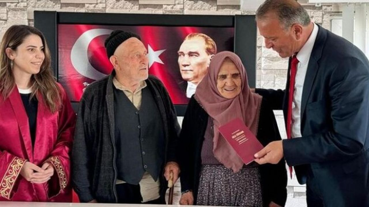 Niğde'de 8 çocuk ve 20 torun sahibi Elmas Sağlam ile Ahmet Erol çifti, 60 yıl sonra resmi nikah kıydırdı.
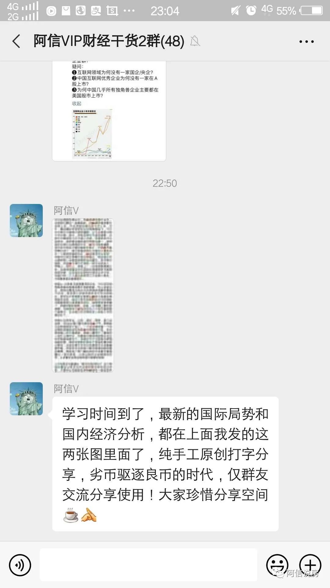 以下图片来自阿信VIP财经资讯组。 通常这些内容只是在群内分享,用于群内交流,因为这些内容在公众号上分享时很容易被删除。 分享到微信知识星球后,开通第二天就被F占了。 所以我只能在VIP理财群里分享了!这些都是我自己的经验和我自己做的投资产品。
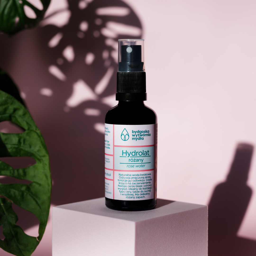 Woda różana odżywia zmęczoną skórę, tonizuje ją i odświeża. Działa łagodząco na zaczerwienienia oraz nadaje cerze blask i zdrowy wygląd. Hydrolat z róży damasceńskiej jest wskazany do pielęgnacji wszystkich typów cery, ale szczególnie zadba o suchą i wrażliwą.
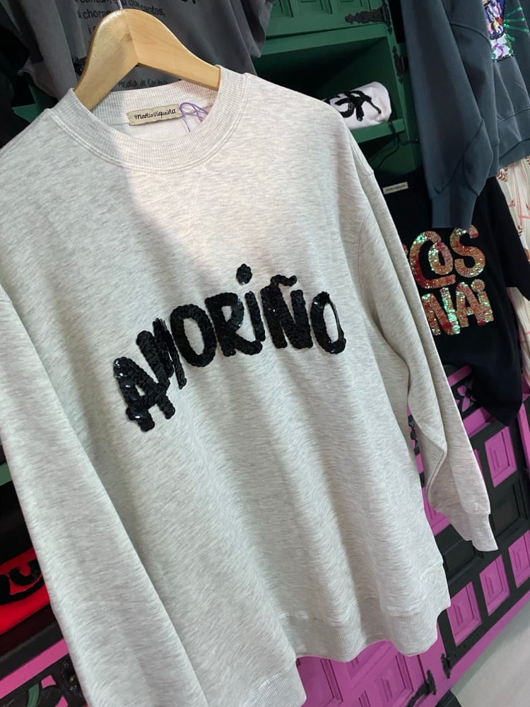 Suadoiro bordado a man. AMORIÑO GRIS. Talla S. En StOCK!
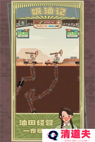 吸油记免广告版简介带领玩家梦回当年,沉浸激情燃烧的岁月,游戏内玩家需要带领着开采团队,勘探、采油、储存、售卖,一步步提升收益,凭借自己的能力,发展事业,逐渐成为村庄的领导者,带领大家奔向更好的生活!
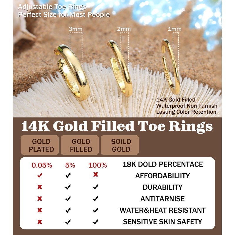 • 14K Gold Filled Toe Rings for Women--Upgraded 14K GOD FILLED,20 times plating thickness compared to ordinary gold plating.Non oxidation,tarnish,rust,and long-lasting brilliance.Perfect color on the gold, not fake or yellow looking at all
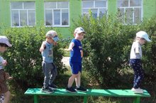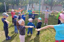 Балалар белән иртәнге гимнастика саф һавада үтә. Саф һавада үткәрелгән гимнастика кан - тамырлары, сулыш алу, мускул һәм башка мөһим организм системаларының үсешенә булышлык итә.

-=-=-=-=-

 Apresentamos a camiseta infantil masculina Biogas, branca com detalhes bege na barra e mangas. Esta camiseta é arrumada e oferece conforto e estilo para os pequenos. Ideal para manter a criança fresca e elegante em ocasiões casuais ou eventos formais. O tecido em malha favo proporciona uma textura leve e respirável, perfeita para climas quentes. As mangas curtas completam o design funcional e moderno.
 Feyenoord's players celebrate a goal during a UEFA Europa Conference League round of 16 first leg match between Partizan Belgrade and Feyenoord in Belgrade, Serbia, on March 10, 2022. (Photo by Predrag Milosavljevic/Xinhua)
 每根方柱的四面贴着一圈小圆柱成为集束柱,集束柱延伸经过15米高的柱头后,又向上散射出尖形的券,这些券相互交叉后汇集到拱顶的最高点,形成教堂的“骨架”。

-=-=-=-=-

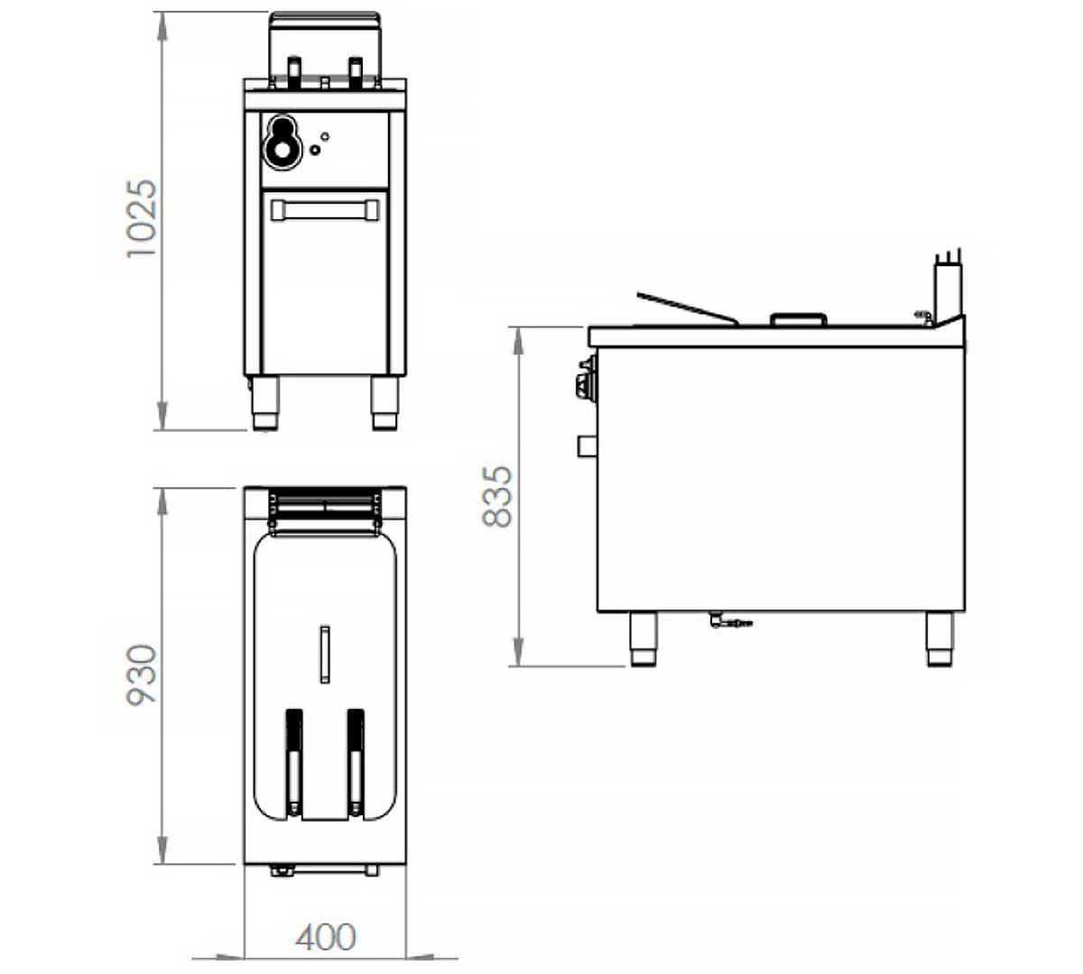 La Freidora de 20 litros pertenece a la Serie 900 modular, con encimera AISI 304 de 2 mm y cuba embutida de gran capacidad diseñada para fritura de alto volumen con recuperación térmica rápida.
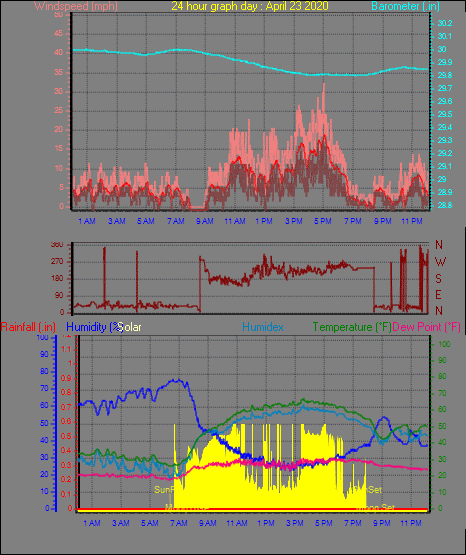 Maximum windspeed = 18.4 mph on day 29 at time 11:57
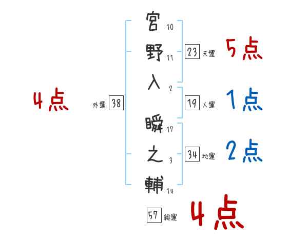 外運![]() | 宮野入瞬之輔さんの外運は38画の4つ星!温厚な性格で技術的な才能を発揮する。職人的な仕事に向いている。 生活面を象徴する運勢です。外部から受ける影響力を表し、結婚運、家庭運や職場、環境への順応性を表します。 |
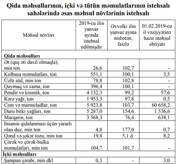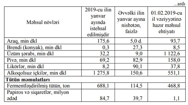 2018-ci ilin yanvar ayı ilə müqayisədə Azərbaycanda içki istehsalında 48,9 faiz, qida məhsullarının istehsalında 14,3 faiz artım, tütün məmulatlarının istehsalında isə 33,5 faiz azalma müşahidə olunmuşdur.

-=-=-=-=-

> [Work request]: Among the entries above, take the lines from the one with "looking at all" through the one with "Балалар белән иртәнге" and retype them exactly, leaving out the pictures.

> [Task output]:
 • 14K Gold Filled Toe Rings for Women--Upgraded 14K GOD FILLED,20 times plating thickness compared to ordinary gold plating.Non oxidation,tarnish,rust,and long-lasting brilliance.Perfect color on the gold, not fake or yellow looking at all
 Балалар белән иртәнге гимнастика саф һавада үтә. Саф һавада үткәрелгән гимнастика кан - тамырлары, сулыш алу, мускул һәм башка мөһим организм системаларының үсешенә булышлык итә.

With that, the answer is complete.